A user agent that implements fallback behaviour must inform the user of
the rendering implications.
Rule Sets
The rule sets mentioned below are included in the zip file for this specification. Users looking for
local copies of the rule sets to work with should download and use this
archive rather than using the specific references below.

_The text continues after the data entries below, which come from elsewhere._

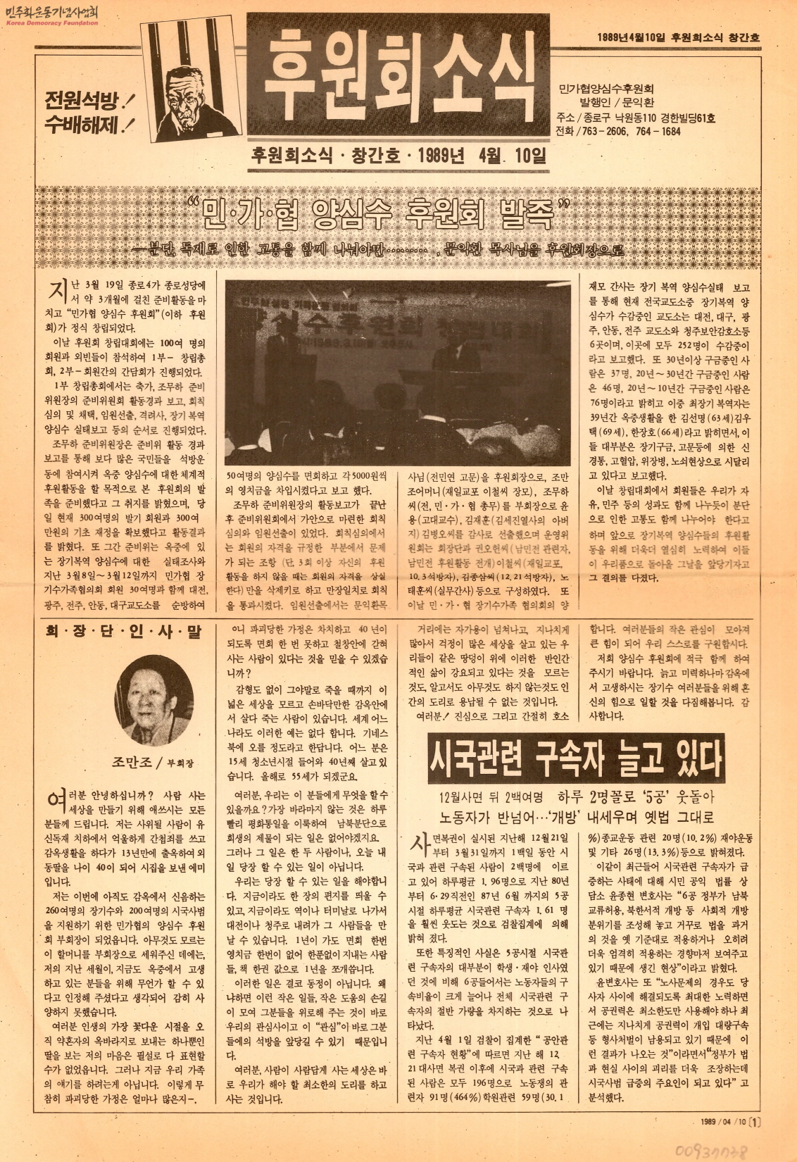 - 민가협 양심수 후원회가 발족해 문익환 목사가 후원회장이 되었으며 자유와 민주의 성과를 함께 나누듯 분단으로 인한 고통도 함께 나누어야 한다고 말하며 양심수 후원활동에 박차를 가해 우리품으로 돌아올 날을 앞당기자고 결의하는 내용이 담긴 소식지.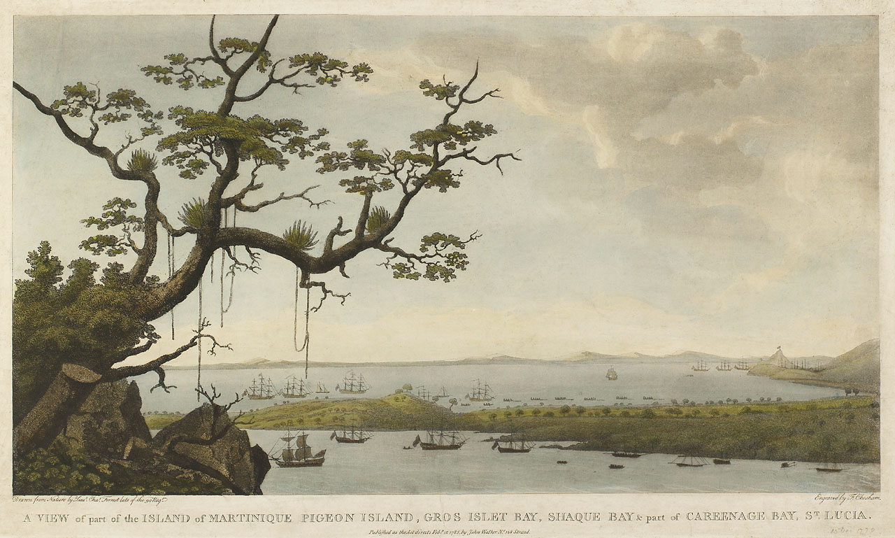 A View of part of the Island of Martinique, Pigeon Island, Gros Islet Bay, Shaque Bay & part of Careenage Bay, St Lucia. Hand-coloured.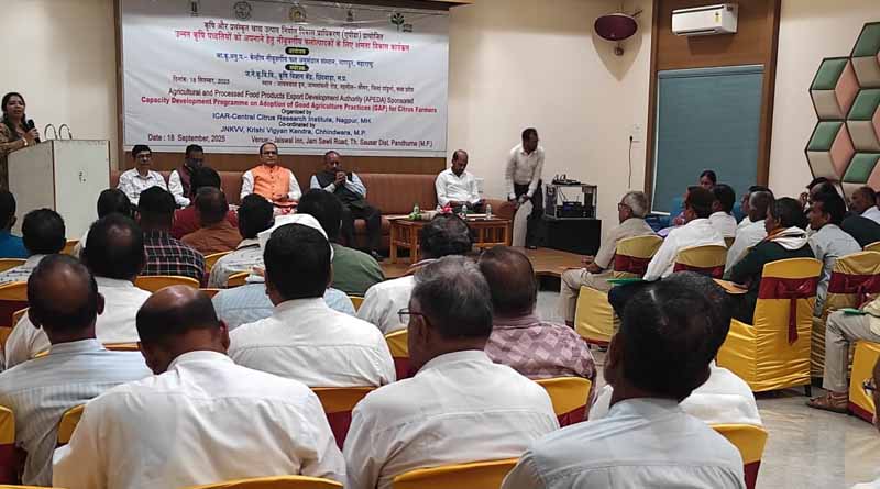 20 सितम्बर 2025, (उमेश खोड़े, पांढुर्ना): सौंसर में संतरा उत्पादन में अच्छी कृषि पद्धतियों पर प्रशिक्षण आयोजित – जवाहरलाल नेहरू कृषि विश्वविद्यालय , कृषि विज्ञान केंद्र ,चंदनगांव ( छिंदवाड़ा ) द्वारा गत दिनों संतरा उत्पादन में अच्छी कृषि पद्धतियों पर क्षमता विकास कार्यक्रम के तहत सौंसर में एक दिवसीय प्रशिक्षण आयोजित किया गया। प्रशिक्षण में संतरा उत्पादकों को भाकृअप -केंद्रीय नींबू वर्गीय फल अनुसन्धान संस्थान , नागपुर ( महाराष्ट्र ) के वैज्ञानिकों द्वारा संतरा उत्पादन के क्षेत्र में नवीनतम तकनीक एवं नवाचारों से अवगत कराया गया।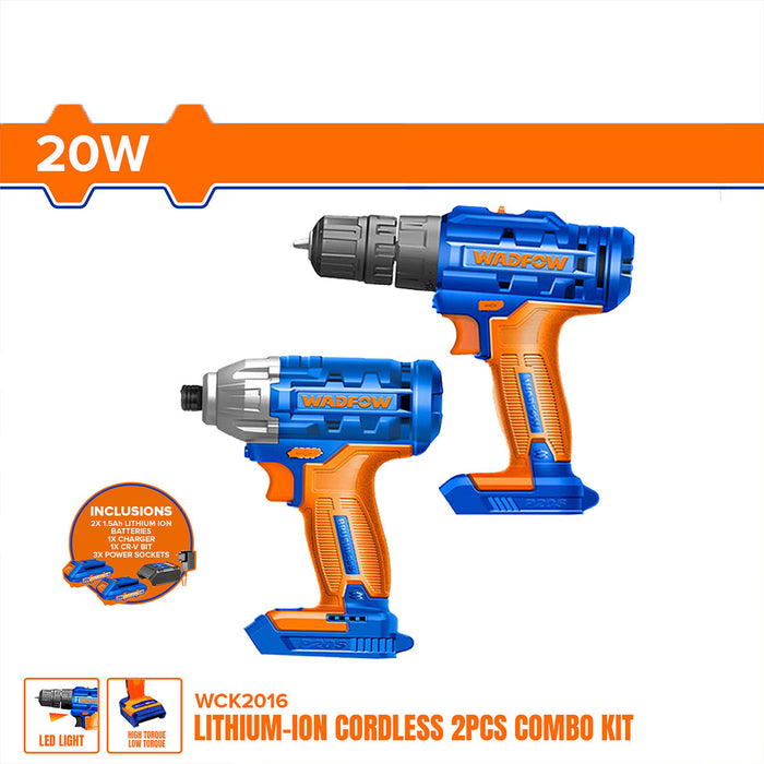 BUILDMATE Wadfow 2PCS/SET Lithium-Ion Cordless Combo Kit Cordless Drill & Impact Driver Brushless Motor WCK2016 WCPT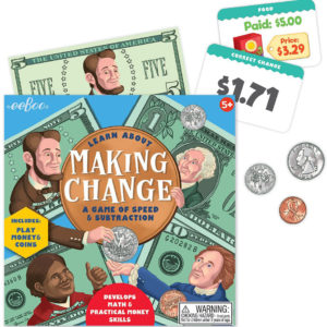 Making Change is an educational game where players use mental math to subtract the price of an item from the amount paid to make the correct change. Whoever collects the most items wins, get one item from each of 10 categories for bonus points. Making Change helps to build practical math skills. Includes 50 Item cards and play paper money and coins. From eeBoo for ages 5+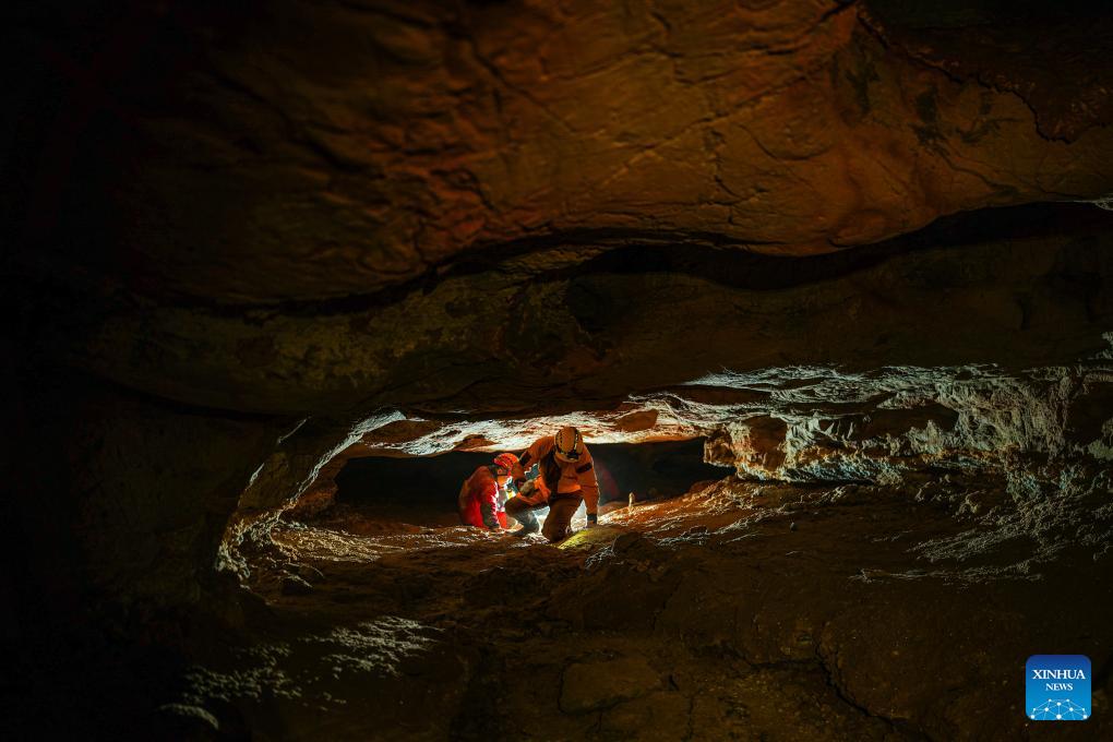 Mitglieder des Instituts für Bergressourcen der Provinz Guizhou führen am 23. September 2023 eine Expedition in eine Nebenhöhle der Shuanghe-Höhle in der südwestchinesischen Provinz Guizhou durch. (Foto von Zhao Fei/Xinhua)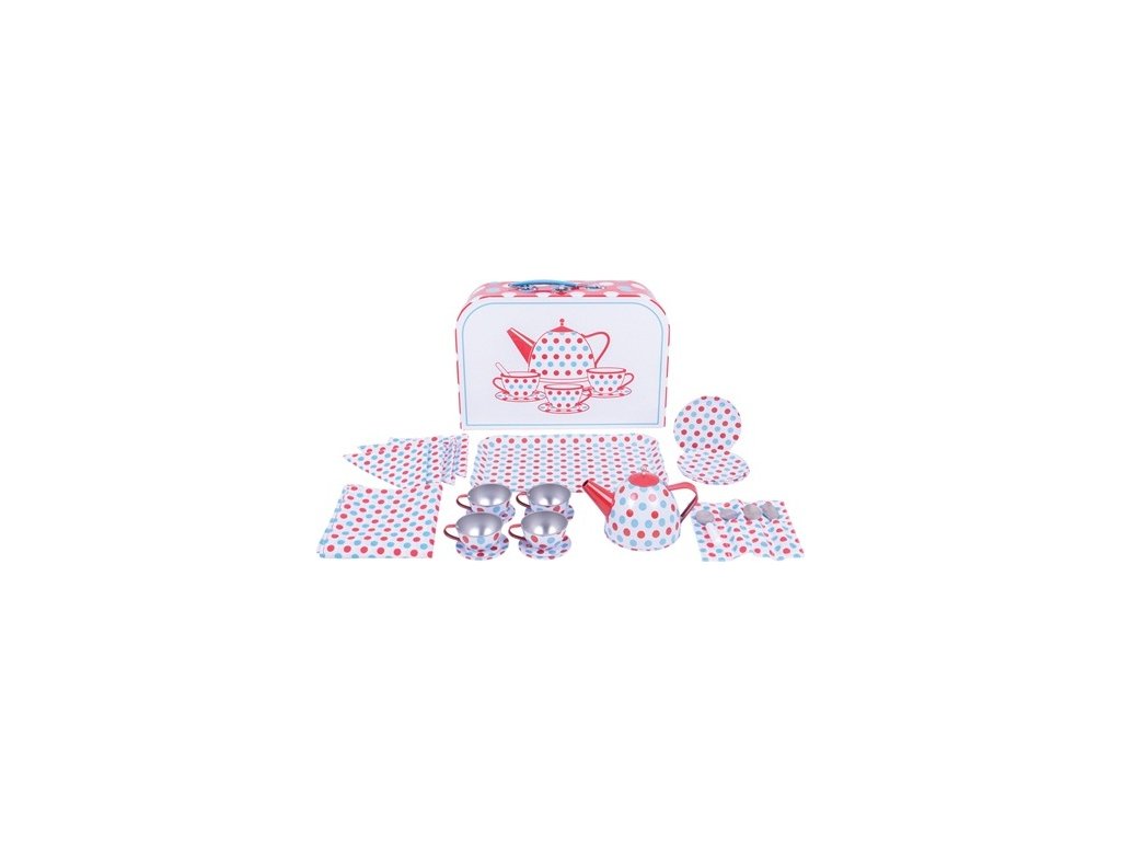Tato nádherná puntíkovaná kovová čajová sada je pestře zbarvená a je dodávána s praktickým přenosným kufříkem! Obsahuje čtyři šálky a podšálky, čajovou konvici s odnímatelným víkem a tác. Také prostírání, sadu ginghamových ubrousků a čtyři lžičky ve vlastním ginghamovém obalu. Tato sada obsahuje vše, co vaše ratolest potřebuje k uspořádání dokonalého čajového večírku pro přátele nebo rodinu. Díky praktickému kufříku je také skvělým společníkem na cesty a znamená to, že váš malý hostitel může zajistit, že sada bude bezpečně uložena, když ji nepoužíváte. Skvělý způsob, jak podpořit kreativní a nápadité hraní. Hlavní vlastnosti: obsahuje čajovou konvici, šálky, podšálky, prostírání, lžičky a tácsplňuje aktuální evropské bezpečnostní normypodporuje kreativitu a nápaditostrozvíjí sociální dovednostizlepšuje obratnost a motoriku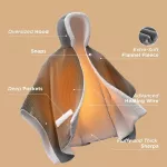 - Convenient Design: The heating blanket shawl includes two front pockets for storing small items, and snaps to secure it in place, so you can move freely and comfortably while staying warm.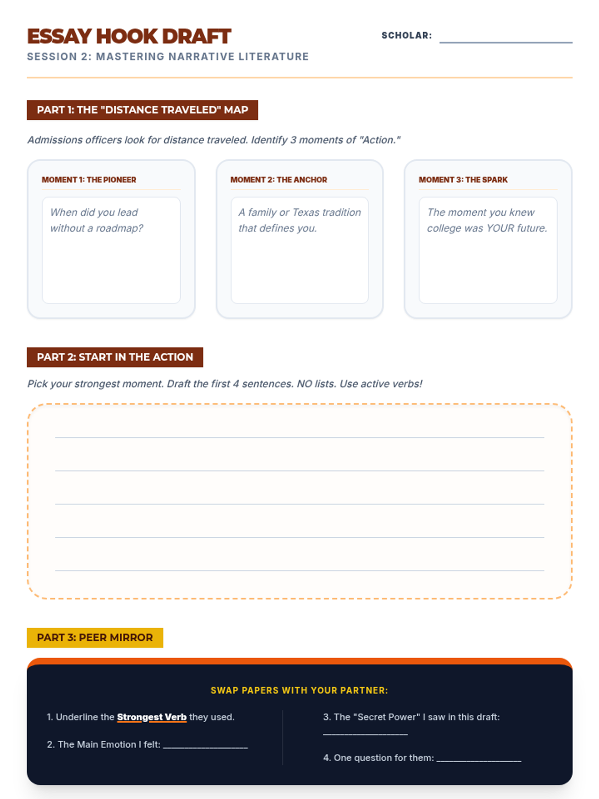 Focuses on the personal statement literature, specifically Texas Essay A, helping students draft narrative hooks that showcase first-gen resilience.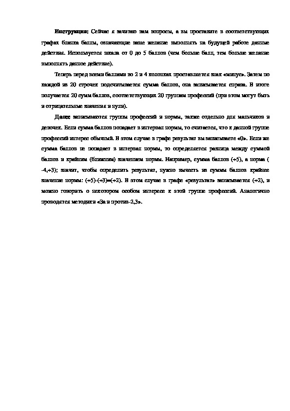 профессий интерес обычный. В этом случае в графе результат вы записываете «0». Если же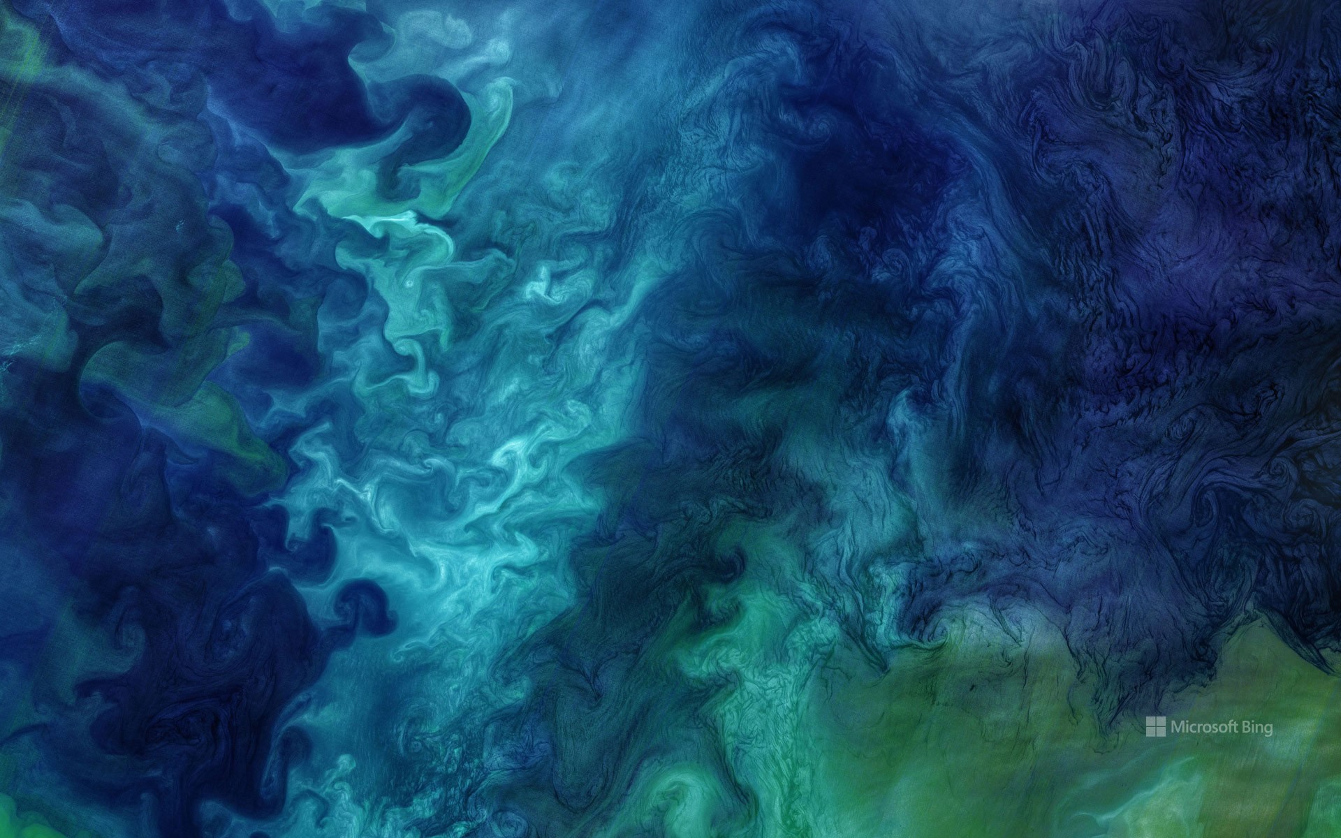 今天照片中这些交织在一起的蓝色大理石纹并非现代艺术作品,而是大自然的杰作。这是阿拉斯加海岸附近浮游植物暴发的卫星照片。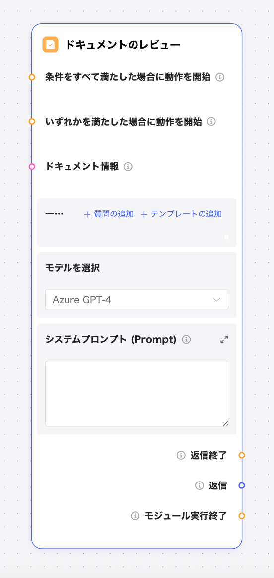 - ドキュメントの読み取りとレビューを行うモジュールです。ユーザーがドキュメントをアップロードすると、モデルが内容を解析し、あらかじめ設定された質問に従い順番に回答します。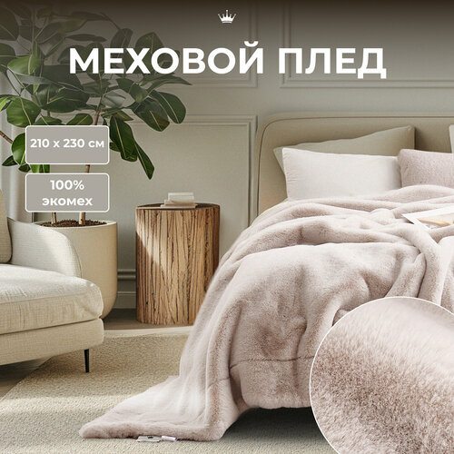 Плед-покрывало мех кролика 2м*2.2м, кремовое буклированное "волна"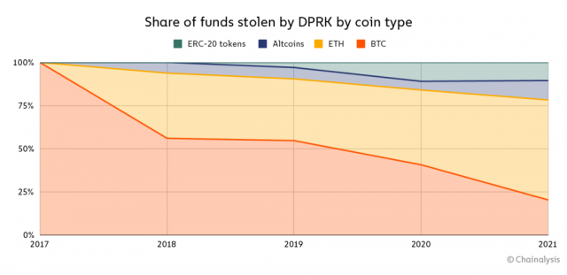 北朝鮮によるサイバー攻撃は、同国が管理するハッカー集団「ラザルス(Lazarus)」が主導しているとされる。2021年、北朝鮮に盗まれた仮想通貨は、58%がイーサリアム(ETH)だった。ERC-20トークンとアルトコインはそれぞれ22%で、ビットコイン(BTC)は全体の約20%にすぎなかった。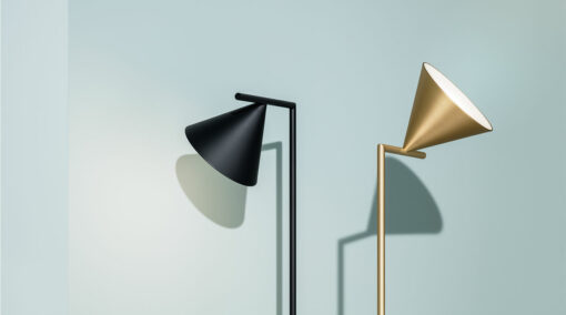 Lampada da terra a luce diretta direzionabile, asta e cono in acciaio verniciato o ottone spazzolato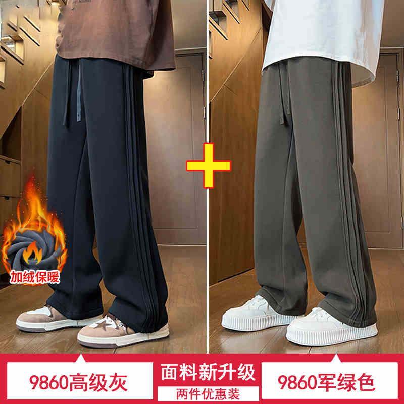 NASA 아메리칸 스타일 스웨트 팬츠 남자의 가을과 겨울 2024 느슨한 스트레이트 기모 십대 Machete 바지 넓은 다리 캐주얼 바지스토어 가기

This section is normative.
The Relax NG rule set "validation/pef-2008-1.rng" forms a
normative part of this specification. It defines the data model for the PEF
and Dublin Core namespace. Other namespaces must be filtered out before
evaluating against this rule set.
XML Schemas and DTD Rule Sets
This section is informative.
The Dublin Core XML Schema "validation/dc.xsd", the PEF XML Schema "validation/pef-2008-1.xsd" and the PEF
DTD "validation/pef-2008-1.dtd" rule
sets form an informative part of this specification. They are provided for
compatibility reasons but they do not include all the normative restrictions
and features enforced by the Relax NG rule set.
The Dublin Core specification is maintained by [Dublin Core].
References
Normative References
This section is normative.
- [DI
Glossary]
- "Glossary
of Terms for Device Independence", Rhys Lewis, 18 January 2005.
Latest version available
at: http://www.w3.org/TR/di-gloss/
- [Dublin
Core]
- "Dublin
Core Metadata Element Set, Version 1.1"
Latest version
available at: http://dublincore.org/documents/dces/
- [RFC2119]
- "RFC2119: Key words for
use in RFCs to Indicate Requirement Levels", S. Bradner, March
1997.
Available at: http://www.ietf.org/rfc/rfc2119.txt
- [Unicode]
- "Unicode
Standard, Version 5.1.0", The Unicode Consortium. The Unicode
Standard, Version 5.1.0, defined by: The Unicode Standard, Version 5.0
(Boston, MA, Addison-Wesley, 2007. ISBN 0-321-48091-0), as amended by
Unicode 5.1.0.
Latest version
available at: http://www.unicode.org/versions/latest/
- [XML]
- "Extensible
Markup Language (XML) 1.0 (Fourth Edition)", T. Bray, J. Paoli, C.
M. Sperberg-McQueen, E. Maler, F. Yergeau, 29 September 2006.
Latest version available at:
http://www.w3.org/TR/xml
- [XMLNS]
- "Namespaces in
XML 1.0 (Second Edition)", T. Bray, D. Hollander, A. Layman, R.
Tobin, 16 August 2006.
Latest version available
at: http://www.w3.org/TR/xml-names
- [XPath]
- "XML Path
Language (XPath) Version (1.0)", J. Clark, S. DeRose, 16 November
1999.
Latest version available at:
http://www.w3.org/TR/xpath
This section is informative.
- [Example PEF document: Om våren]
- "examples/poem.pef". A poem by the
Swedish poet Nils Ferlin called "Om våren" (the text is in Swedish).
Accessibility note: The Unicode braille patterns in this file may not
display with JAWS or braille display.
- [Example PEF document: Butterfly Test Pattern]
- "examples/butterfly.pef". A test
pattern that uses all 6-dot braille patterns, rendering a butterfly
shape.
Accessibility note: The Unicode braille patterns in this file may not
display with JAWS or braille display.